■ Work instructions ■
The output should be the listing below, limited to the lines from the one with "Burj Khalifa View" through the one with "VICTORIA & ALBERT", exact and without pictures.

--- Data listing ---

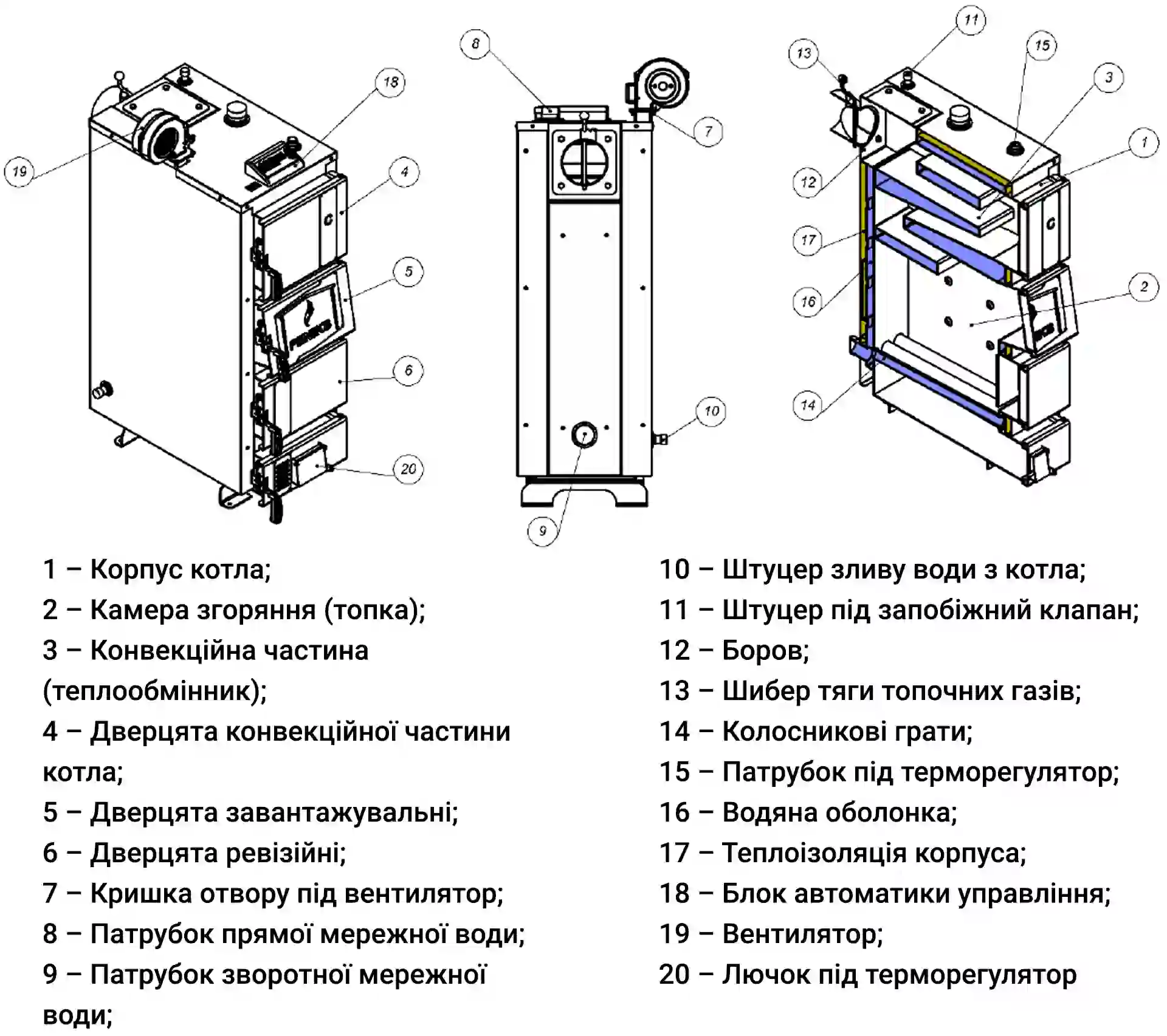 Варто зазначити, що блок автоматичного керування, вентилятор та запобіжний клапан поставляються в упаковці від виробника. Гарантійне обслуговування твердопаливних котлів Фенікс здійснює виробник, зазначений у паспорті виробу.
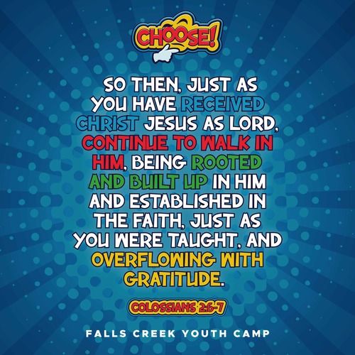 Each year, the emphasis of Falls Creek Youth Camp follows a rotation of evangelism, the character & nature of God, and spiritual disciplines. This year, we will explore spiritual disciplines of the Christian life. In Christ we are:
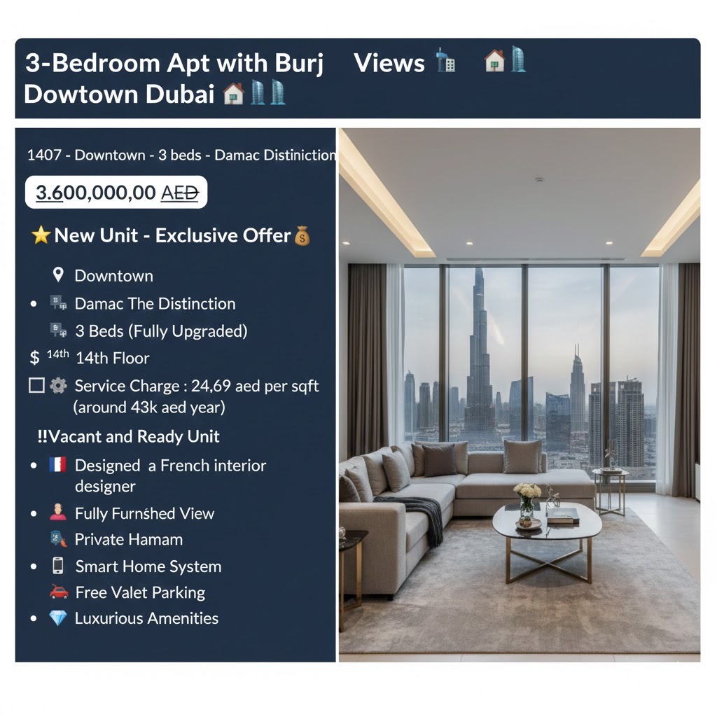• Modern 3-Bedroom Apartment with Burj Khalifa View
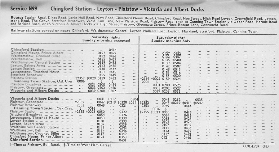 VICTORIA & ALBERT DOCKS or CANNING TOWN - CHINGFORD STATION
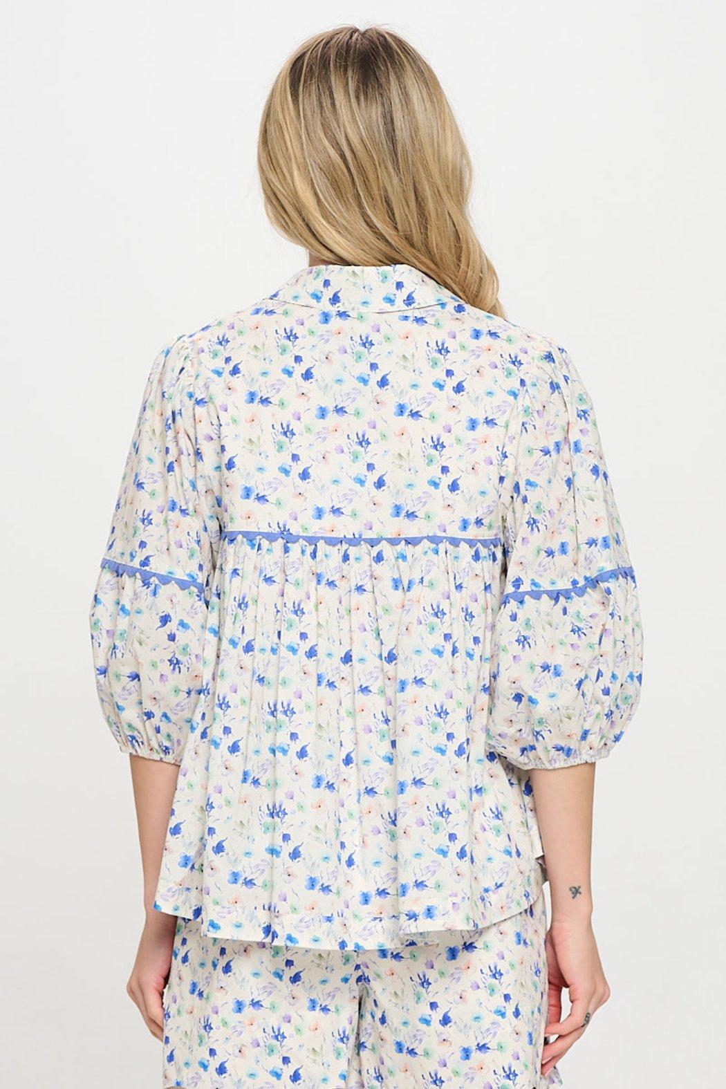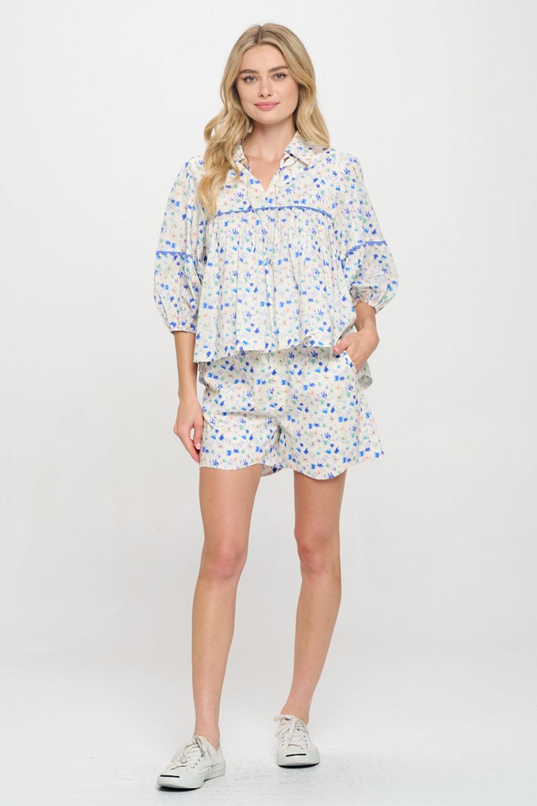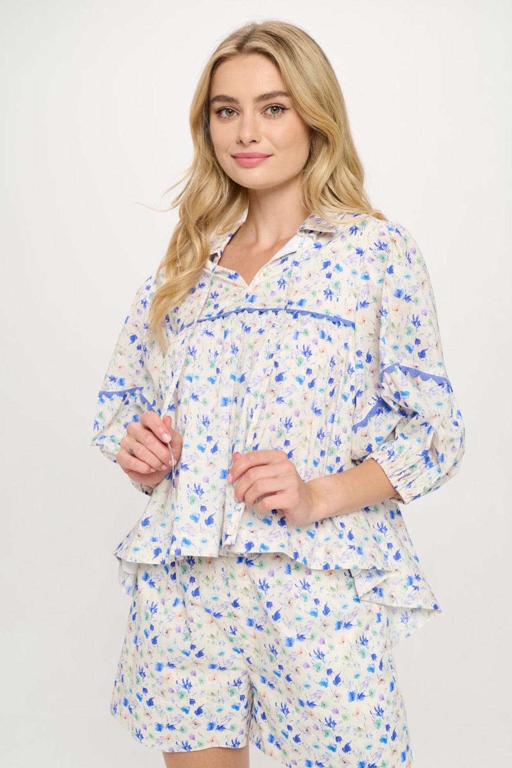 This breezy floral blouse is a springtime staple, featuring a flowy silhouette with pintuck detailing and contrast lace trim for an elevated touch. Designed with a flattering V-neckline and three-quarter sleeves, this lightweight woven top brings feminine charm to any day. Pairs beautifully with matching shorts or your favorite denim.
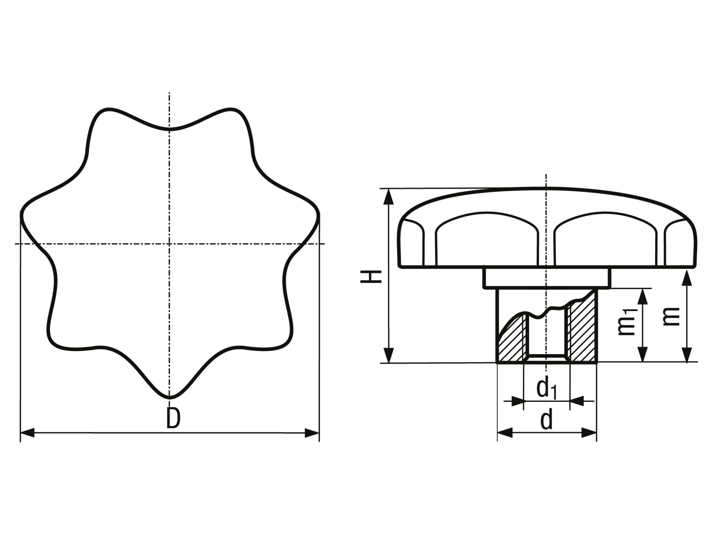 > 星型旋钮螺帽 带凸形钢轴套和盲孔内螺纹
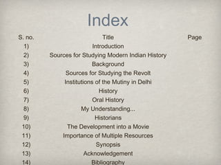 This document provides an overview of sources that can be used to study the Indian Mutiny of 1857. It discusses literary sources like books, newspapers, letters, and documents as well as archaeological sources like buildings, monuments, tools, and paintings. Specifically, it examines sources related to key sites of the mutiny, including the Red Fort and Northern Ridge in Delhi. It also includes an excerpt from a book describing the brutal suppression of the mutiny by British forces. The document aims to outline different types of primary sources that can help provide insight into this major historical event in India.
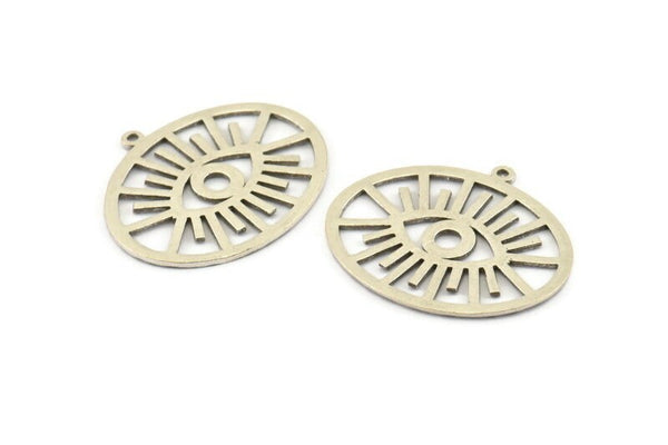 Silver Eye Charm, 2 Antique Silver Plated Brass Eye Charms With 1 Loop, Pendants, Earrings (36x31x1mm) N1102

---

■ Response box ■
• Modern 3-Bedroom Apartment with Burj Khalifa View
 VICTORIA & ALBERT DOCKS or CANNING TOWN - CHINGFORD STATION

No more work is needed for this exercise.